Прокофьев запомнил эти слова и сделал всё, чтобы этого не случилось. Его заинтересованный диалог с евразийством — как раз и был следствием усилий по выработке нового образно-тематического языка, который, по неизбежном возвращении из странствий, был бы понятен и в России.
По впечатлению Болеслава Яворского, общавшегося с Прокофьевым в мае 1926 года в Париже, Прокофьев раздваивался «между стремлением дать…обезволивающую, обезэмоционаливающую озвученность, к которой стремится современный Запад, и между присущим ему как славянину стремлением к раскрытию процесса, к борению со стихией природы» (из письма к Сергею Протопопову в Москву от 16 мая 1926 года). О том, является ли борьба с природою сугубо славянским качеством и вообще является ли она качеством, присущим именно Прокофьеву, можно поспорить. Яворский тем не менее задел нерв ситуации: Прокофьев вынужден был выбирать между, условно говоря, дорогой Стравинского, отрывом от прежних корней и новым ощущением связи с ними. Именно к 1927 году началось возвращение к тому, что Прокофьеву было свойственно с самого начала, по замесу его личности — ко встраиванию в живое «развёртывание человеческого процесса, человеческой общественности» (из того же письма Яворского).

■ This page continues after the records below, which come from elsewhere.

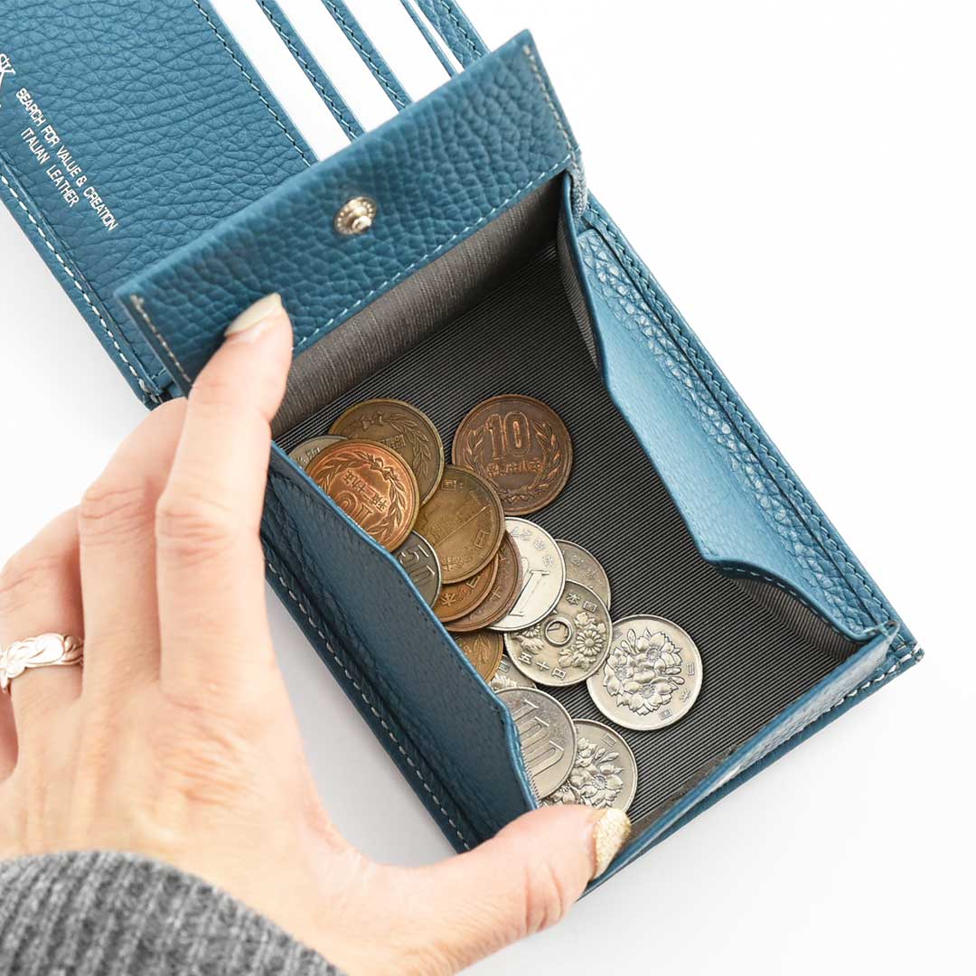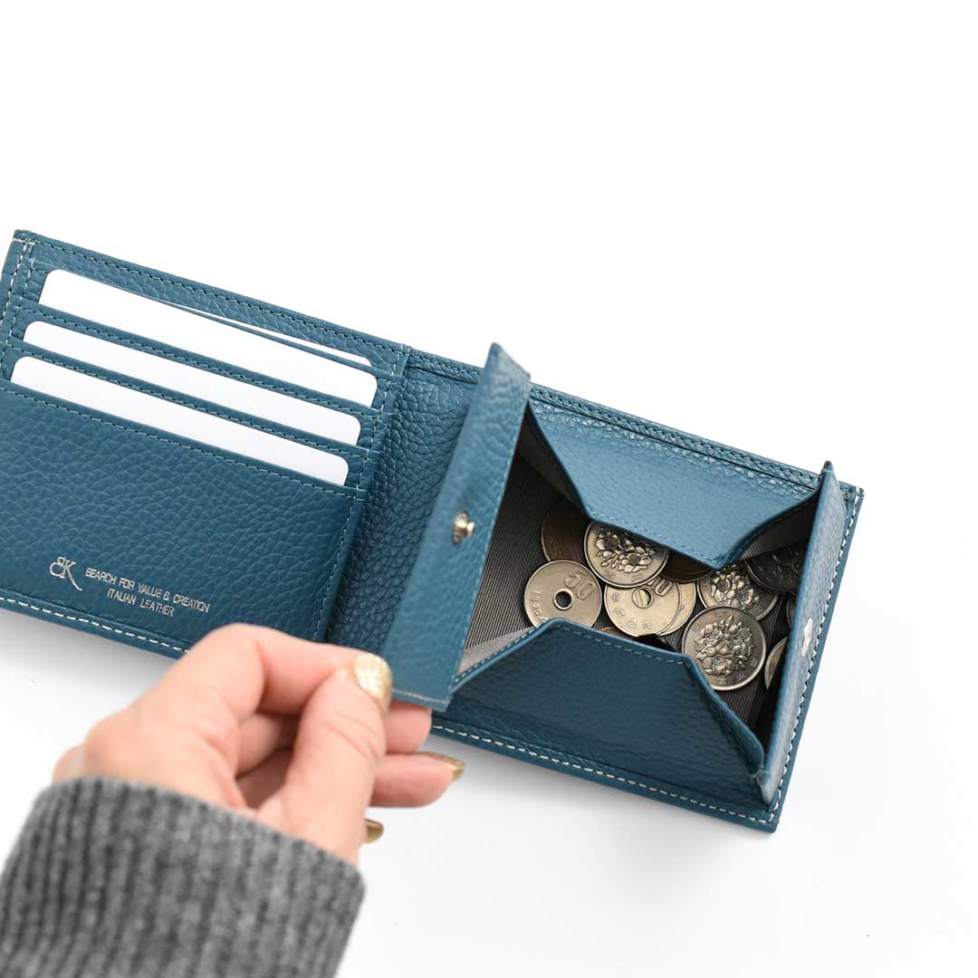 イタリアンシュリンクレザー 二つ折り財布 BOX型小銭入れ
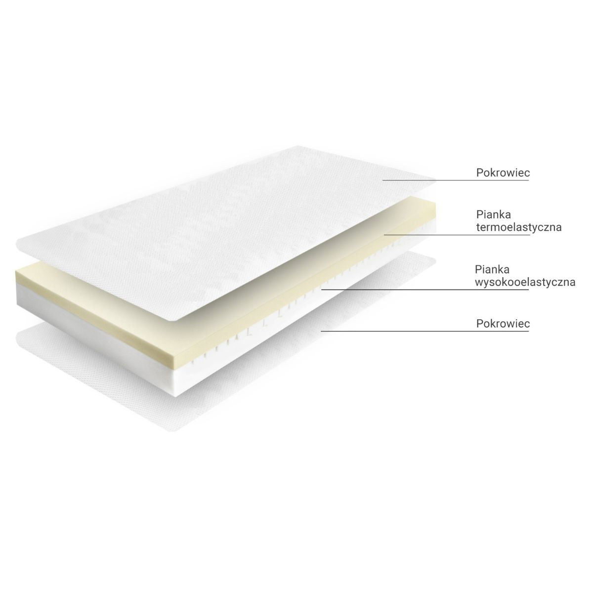 - 5 cm pianki termoelastycznej - pianka dostosowuje się do kształtu ciała pod wpływem ciepła, nacisku i temperatury.
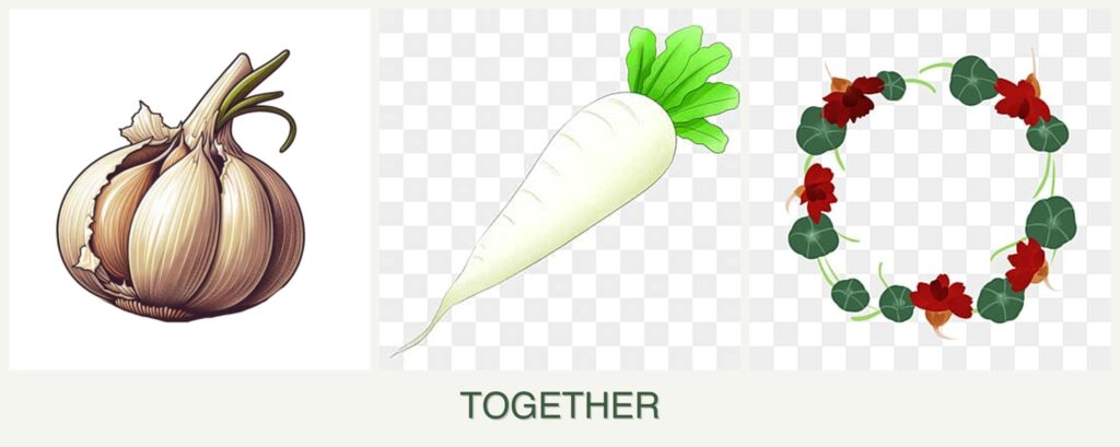 Planting garlic, radishes, and nasturtiums together offers several advantages:

Именно с этим настроем он и ехал в СССР.
19 января Прокофьев и Лина пересекли на поезде латвийско-советскую границу. Градусник показывал — 15 °C. «Около рельс стоял русский солдат в матерчатой каске и длинной до пят шинели. Поезд остановился и принял солдата, который через минуту появился у нашего купе и отобрал паспорта». Путешествие, начинавшееся как авантюра в духе жюльверновского полёта из пушки на Луну, постепенно приобретало черты знакомой реальности. Однако в дневнике композитор запечатлел и экзотичные и странные на его свежий взгляд черты изменившейся за девять лет родины. Прокофьева явно веселит, что досматривающие багаж красноармейцы не знают, что такое пижама (роскошь в бедном СССР), а Лина не понимает их вопроса про ночную кофточку (в России зимой ночи холодные).
Рано утром 20 января на Александровском (ныне — Белорусском) вокзале в Москве их встретила маленькая депутация: в основном от уникального оркестра республики Персимфанса, состоявшая из председателя правления и художественного совета Льва Цейтлина (в прошлом — концертмейстера у Кусевицкого) и ответственного за связи с правительственными органами члена ВКП(б) Арнольда Цуккера. Третьим человеком в депутации был к Персимфансу отношения не имевший и представлявший Ассоциацию современной музыки Владимир Держановский. «На ногах валенки, и вообще все они одеты в необычайные шапки, тулупы и пр., словом, та декорация, что так пугает приезжих иностранцев», — поверяет первое впечатление дневнику путешественник. Некрасиво, зато тепло в стужу.
Прокофьевых поместили в «Метрополе» — ещё недавно месте проживания высших советских административных работников, а теперь сданном в концессию немцам под развитие гостиничного дела. «В верхних же этажах частично остались ответственные работники и потому всюду была ужаснейшая грязь, за исключением, впрочем, нашего коридора, где отличный ковёр, хорошая парикмахерская и вообще чистота. Наш номер выходил прямо на Театральную, ныне Свердловскую площадь. Вид из окна восхитительный. Сам номер безукоризненно чист, просторен и с необычайно высокими потолками. Кровати — в углублении и отделены зелёной замшевой занавесью почти до потолка. Но ванны нет и вода в кувшинах. Я заказал кофе для всех, который принесли в стаканах с подстаканниками», — с изумлением записывает Прокофьев в дневнике.
На следующий день появился Асафьев, «потолстевший и поздоровевший; под пиджаком вместо жилета, рубашки и воротничка — коричневая вязаная куртка, с вязаным воротником до подбородка: тепло и не надо заботиться о чистых воротничках». За Асафьевым — Мясковский, ничуть не изменившийся. Зато Мясковский всё удивлялся внешним переменам в Прокофьеве. «…Вероятно, тому, что я потолстел и полысел», — отмечает с привычной самоиронией в дневнике наш герой. Затем — под присмотром Цуккера — последовали кулинарные радости (ели в ресторане, который держала бывшая аристократия), 22-го и 23-го — Прокофьев посетил репетиции Персимфанса, приветствовавшего нашего героя, к большому его смущению, маршем из «Трёх апельсинов». Бродя по заснеженным улицам Москвы с Асафьевым и Мясковским, он поведал им «про Сувчинского, как он живёт, на ком женат, чем занимается и что такое Евразийство, умолкая, когда попадались встречные, ибо тема была нелегальная…».